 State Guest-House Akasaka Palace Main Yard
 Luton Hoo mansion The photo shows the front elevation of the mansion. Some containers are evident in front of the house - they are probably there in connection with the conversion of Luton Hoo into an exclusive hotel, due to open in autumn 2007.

##########

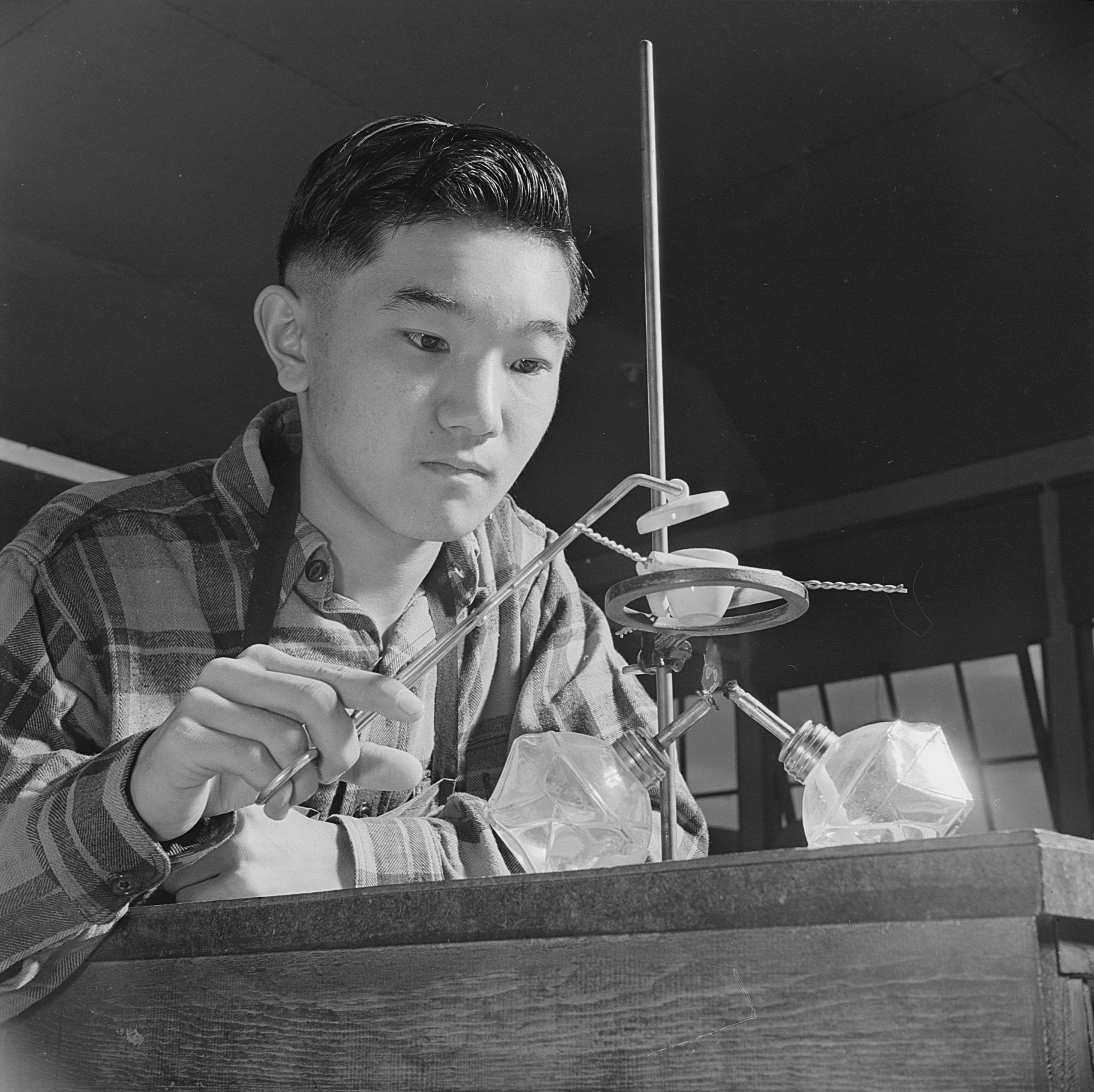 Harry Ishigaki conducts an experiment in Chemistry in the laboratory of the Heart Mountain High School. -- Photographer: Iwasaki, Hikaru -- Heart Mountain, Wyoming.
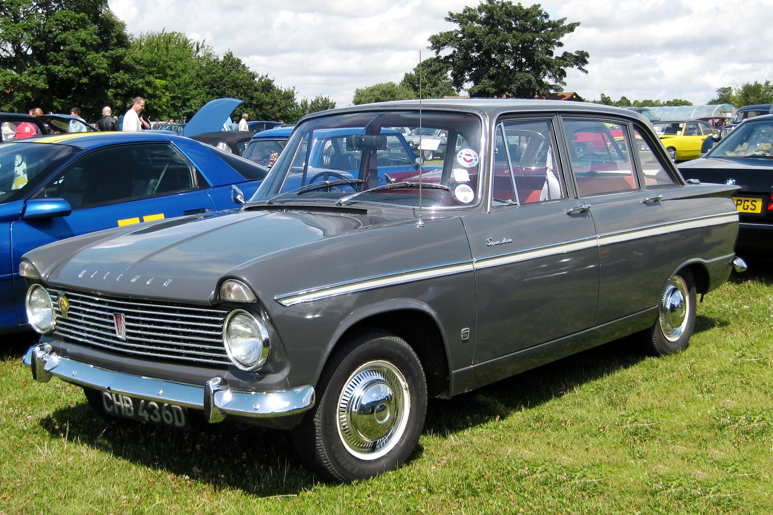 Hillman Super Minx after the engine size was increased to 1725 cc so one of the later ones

##########

| Directions |
As listed above, the lines from the line with "State Guest-House Akasaka Palace Main Yard" to the line with "Luton Hoo mansion" are to be echoed exactly, with both ends included and nothing added.

| Answer to this problem |
 State Guest-House Akasaka Palace Main Yard
 Luton Hoo mansion The photo shows the front elevation of the mansion. Some containers are evident in front of the house - they are probably there in connection with the conversion of Luton Hoo into an exclusive hotel, due to open in autumn 2007.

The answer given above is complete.